John Boswell
- Birth name: John Douglas Boswell
- Date of birth: 16 February 1867
- Place of birth: Garallan House, East Ayrshire, Scotland
- Date of death: 5 January 1948 (aged 80)
- Place of death: Edinburgh, Scotland
- School: Rugby School Loretto School
- University: Brasenose College, Oxford University of Glasgow

Rugby union career
- Position(s): Forward

Amateur team(s)
- Years: Team / Apps / (Points)
- 1885-87: Oxford University /  / ()
- –: West of Scotland /  / ()

Provincial / State sides
- Years: Team / Apps / (Points)
- 1889: Glasgow District /  / ()

International career
- Years: Team / Apps / (Points)
- 1889–94: Scotland / 15 / (27)

Refereeing career
- Years: Competition /  / Apps
- 1899: Scottish Districts

25th President of the Scottish Rugby Union
- In office 1898–1899
- Preceded by: Robert Rainie
- Succeeded by: Ian MacIntyre

= John Boswell (rugby union) =

Scotland international rugby union player & referee

John Boswell (16 February 1867 – 5 January 1948) was a Scotland international rugby union player. He was the 25th President of the Scottish Rugby Union. He served in the military in the Boer War and the First World War and won the Serbian medal Order of the White Eagle in 1917. He was a Writer to the Signet and owned Garallan House near Cumnock.

==Rugby union career==
===Amateur career===
Boswell was introduced to rugby union at Rugby School and then Loretto School in Musselburgh. At Brasenose College he played for Oxford University.
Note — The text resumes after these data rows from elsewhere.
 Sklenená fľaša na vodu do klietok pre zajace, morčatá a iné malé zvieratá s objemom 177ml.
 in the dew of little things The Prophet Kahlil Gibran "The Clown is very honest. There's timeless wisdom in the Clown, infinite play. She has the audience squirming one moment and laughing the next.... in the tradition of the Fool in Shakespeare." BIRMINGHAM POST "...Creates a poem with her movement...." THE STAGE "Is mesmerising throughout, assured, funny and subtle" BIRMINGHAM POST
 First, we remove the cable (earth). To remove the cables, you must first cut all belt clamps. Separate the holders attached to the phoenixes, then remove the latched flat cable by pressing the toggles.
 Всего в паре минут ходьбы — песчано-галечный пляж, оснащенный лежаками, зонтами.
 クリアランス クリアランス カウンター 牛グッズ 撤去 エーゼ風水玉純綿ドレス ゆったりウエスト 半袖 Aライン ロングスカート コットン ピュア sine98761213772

In Scotland he played for West of Scotland.

===Provincial career===
He was capped by Glasgow District in the inter-city match of 1889.
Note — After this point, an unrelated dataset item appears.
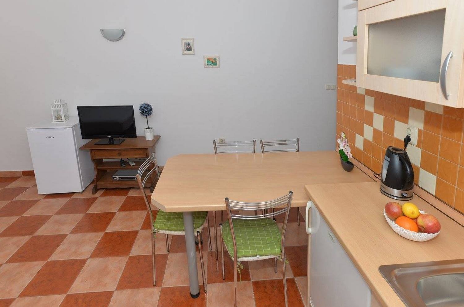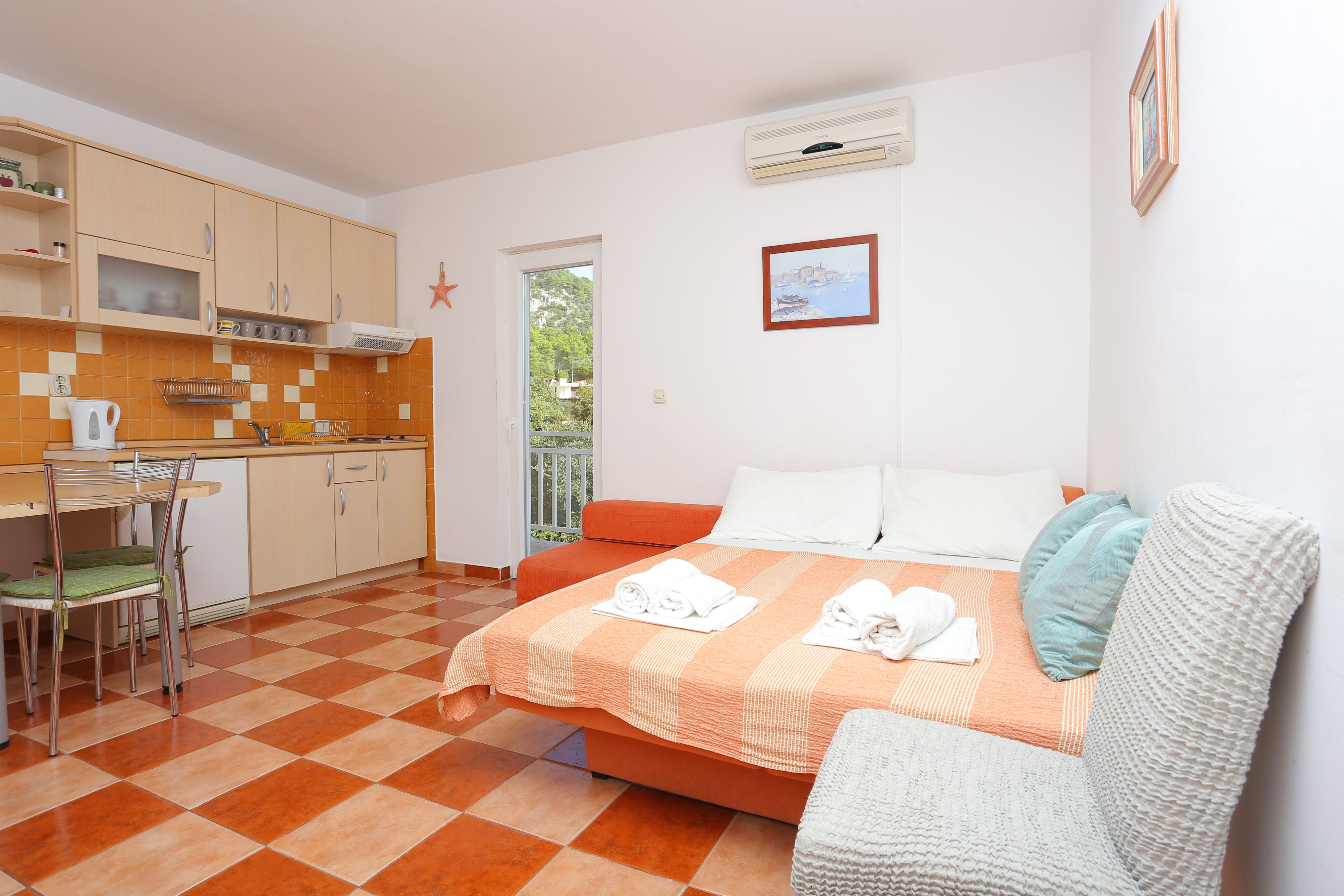 Apartment can accommodate 4 guests. Beds are situated in 1 sleeping rooms, but also in the living room, within 34m2. Guests can use a private balcony to enjoy the warm summer evenings. The apartment offers the sea view. Food can be prepared using barbecue which is shared with other guests too. This accommodation unit welcomes pets at an additional charge. INCLUDED IN THE PRICE: tourist tax, final cleaning, air-conditioning, parking, internet, laundry, baby cot, iron, hairdryer, portable barbecue. OBLIGATORY ADDITIONAL COSTS: short stay fee (surcharge depending on a number of booked nights: 30% - 1, 20% - 2, 10% - 3). OPTIONAL ADDITIONAL COSTS: pets (€10.00 per night). The availability of additional services for your chosen dates of stay, as well as their prices (if none are listed) must be checked ahead of time. Any additional services not shown in the price calculation are payable directly to the property owner and only if used by the visitor.

===International career===
Boswell played 15 times for Scotland.

He captained Scotland in 1890 and in 1893. He was described as 'florid and stout almost to rotundity'.

Boswell is the only Scotland forward to score a drop goal in two international matches (versus Ireland 1890 & versus England 1893).

===Referee career===
He refereed in the Scottish Districts match between Cities District and Provinces District on 14 January 1899.
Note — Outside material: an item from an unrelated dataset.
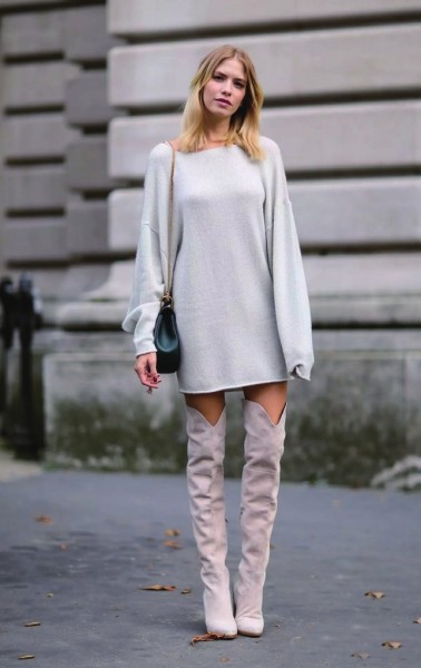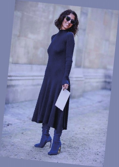 长靴与毛衣裙绝对是拉长身材比例的绝配
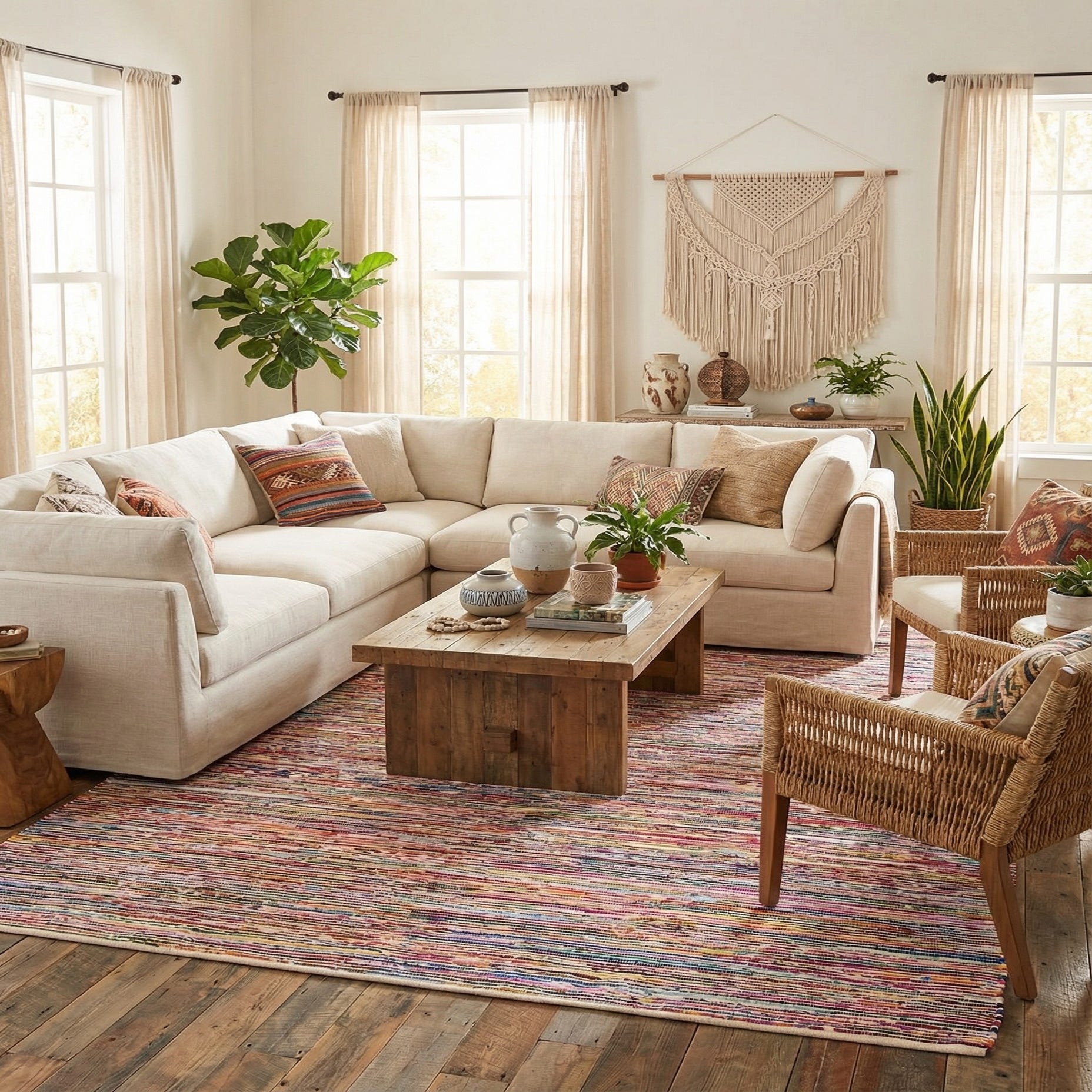 The linear, colorful design works well in casual, layered interiors — think coastal living rooms, bohemian lounges, modern farmhouse kitchens or an eclectic urban loft. Use it to anchor a seating group, add color under a dining table, or brighten a hallway; it pairs nicely with natural woods, rattan, painted white cabinetry, and neutral gray upholstery to introduce playful color without overwhelming the room.

===Administrative career===
Boswell became the 25th President of the Scottish Rugby Union. He served the 1898–99 term in office.

==Military career==
In the 2nd Boer War of 1900–01, Boswell served in the 6th Scottish Battalion Imperial Yeomanry.

In the First World War, Boswell served in the military as a Lieutenant Colonel of the Royal Scots Fusiliers, 12th battalion, which were the Ayrshire Yeomanry; working on coast defences. Boswell saw action in Gallipoli; Egypt, at the Battles of Katta and Romani; Palestine, at the Battles of Gaza; and France.

He was awarded the Order of the White Eagle (Serbia), 4th class with swords.

==Law career==
He received a Bachelor of Law from the University of Glasgow in 1906 and an LL.B. in 1907.

He was a Writer to the Signet.

==Family==
Boswell owned the Garallan House estate near Cumnock in Ayrshire. Garallan House was first owned by the Campbells and then the Douglases. One of Boswell's ancestors, his great uncle, Hamilton Boswell married Jane Douglas and acquired Garallan. Boswell was born at Garallan.

In 1920, Boswell bought Auchinleck House in Ayrshire from Talbot de Malahide, a descendant of James Boswell. Boswell stayed in 8 Heriot Row in Edinburgh in the 1930s, just before it was converted into flats.